### The problem
Before you finish, make sure every line below has been written out exactly.

[[ Given material, beginning ]]

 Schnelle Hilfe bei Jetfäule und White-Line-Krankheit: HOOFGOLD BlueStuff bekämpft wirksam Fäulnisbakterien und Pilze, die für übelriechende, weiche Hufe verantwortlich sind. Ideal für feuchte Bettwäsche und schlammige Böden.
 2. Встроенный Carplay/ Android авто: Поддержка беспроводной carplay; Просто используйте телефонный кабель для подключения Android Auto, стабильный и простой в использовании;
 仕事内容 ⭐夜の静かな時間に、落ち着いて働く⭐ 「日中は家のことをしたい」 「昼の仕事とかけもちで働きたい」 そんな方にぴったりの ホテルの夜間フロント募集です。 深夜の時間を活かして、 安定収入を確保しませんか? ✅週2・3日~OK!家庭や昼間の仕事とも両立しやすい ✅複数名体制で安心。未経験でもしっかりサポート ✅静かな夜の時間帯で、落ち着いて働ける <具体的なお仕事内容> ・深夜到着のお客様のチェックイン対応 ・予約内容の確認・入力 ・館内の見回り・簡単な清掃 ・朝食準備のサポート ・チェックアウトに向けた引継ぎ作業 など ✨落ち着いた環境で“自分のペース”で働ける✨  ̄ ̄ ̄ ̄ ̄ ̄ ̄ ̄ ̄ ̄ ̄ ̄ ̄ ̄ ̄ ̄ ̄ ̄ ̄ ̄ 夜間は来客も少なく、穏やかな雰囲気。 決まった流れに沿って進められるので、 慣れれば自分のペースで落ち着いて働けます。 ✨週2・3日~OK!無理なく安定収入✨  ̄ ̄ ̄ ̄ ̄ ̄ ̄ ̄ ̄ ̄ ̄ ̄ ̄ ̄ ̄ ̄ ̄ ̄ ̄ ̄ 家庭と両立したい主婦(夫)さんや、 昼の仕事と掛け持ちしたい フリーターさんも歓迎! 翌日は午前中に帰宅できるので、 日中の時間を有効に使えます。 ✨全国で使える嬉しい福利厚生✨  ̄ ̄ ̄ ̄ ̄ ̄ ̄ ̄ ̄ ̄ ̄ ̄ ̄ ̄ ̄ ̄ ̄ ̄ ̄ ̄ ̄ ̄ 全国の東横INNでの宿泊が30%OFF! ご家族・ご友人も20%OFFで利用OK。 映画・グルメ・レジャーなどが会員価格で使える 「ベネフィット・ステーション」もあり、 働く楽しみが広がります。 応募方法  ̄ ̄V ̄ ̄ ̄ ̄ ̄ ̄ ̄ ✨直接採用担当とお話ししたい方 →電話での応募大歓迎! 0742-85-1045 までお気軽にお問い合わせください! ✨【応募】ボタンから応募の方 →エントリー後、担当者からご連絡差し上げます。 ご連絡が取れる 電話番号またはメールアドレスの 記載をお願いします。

[[ Given material, end ]]

### Your solution
 Schnelle Hilfe bei Jetfäule und White-Line-Krankheit: HOOFGOLD BlueStuff bekämpft wirksam Fäulnisbakterien und Pilze, die für übelriechende, weiche Hufe verantwortlich sind. Ideal für feuchte Bettwäsche und schlammige Böden.
 2. Встроенный Carplay/ Android авто: Поддержка беспроводной carplay; Просто используйте телефонный кабель для подключения Android Auto, стабильный и простой в использовании;
 仕事内容 ⭐夜の静かな時間に、落ち着いて働く⭐ 「日中は家のことをしたい」 「昼の仕事とかけもちで働きたい」 そんな方にぴったりの ホテルの夜間フロント募集です。 深夜の時間を活かして、 安定収入を確保しませんか? ✅週2・3日~OK!家庭や昼間の仕事とも両立しやすい ✅複数名体制で安心。未経験でもしっかりサポート ✅静かな夜の時間帯で、落ち着いて働ける <具体的なお仕事内容> ・深夜到着のお客様のチェックイン対応 ・予約内容の確認・入力 ・館内の見回り・簡単な清掃 ・朝食準備のサポート ・チェックアウトに向けた引継ぎ作業 など ✨落ち着いた環境で“自分のペース”で働ける✨  ̄ ̄ ̄ ̄ ̄ ̄ ̄ ̄ ̄ ̄ ̄ ̄ ̄ ̄ ̄ ̄ ̄ ̄ ̄ ̄ 夜間は来客も少なく、穏やかな雰囲気。 決まった流れに沿って進められるので、 慣れれば自分のペースで落ち着いて働けます。 ✨週2・3日~OK!無理なく安定収入✨  ̄ ̄ ̄ ̄ ̄ ̄ ̄ ̄ ̄ ̄ ̄ ̄ ̄ ̄ ̄ ̄ ̄ ̄ ̄ ̄ 家庭と両立したい主婦(夫)さんや、 昼の仕事と掛け持ちしたい フリーターさんも歓迎! 翌日は午前中に帰宅できるので、 日中の時間を有効に使えます。 ✨全国で使える嬉しい福利厚生✨  ̄ ̄ ̄ ̄ ̄ ̄ ̄ ̄ ̄ ̄ ̄ ̄ ̄ ̄ ̄ ̄ ̄ ̄ ̄ ̄ ̄ ̄ 全国の東横INNでの宿泊が30%OFF! ご家族・ご友人も20%OFFで利用OK。 映画・グルメ・レジャーなどが会員価格で使える 「ベネフィット・ステーション」もあり、 働く楽しみが広がります。 応募方法  ̄ ̄V ̄ ̄ ̄ ̄ ̄ ̄ ̄ ✨直接採用担当とお話ししたい方 →電話での応募大歓迎! 0742-85-1045 までお気軽にお問い合わせください! ✨【応募】ボタンから応募の方 →エントリー後、担当者からご連絡差し上げます。 ご連絡が取れる 電話番号またはメールアドレスの 記載をお願いします。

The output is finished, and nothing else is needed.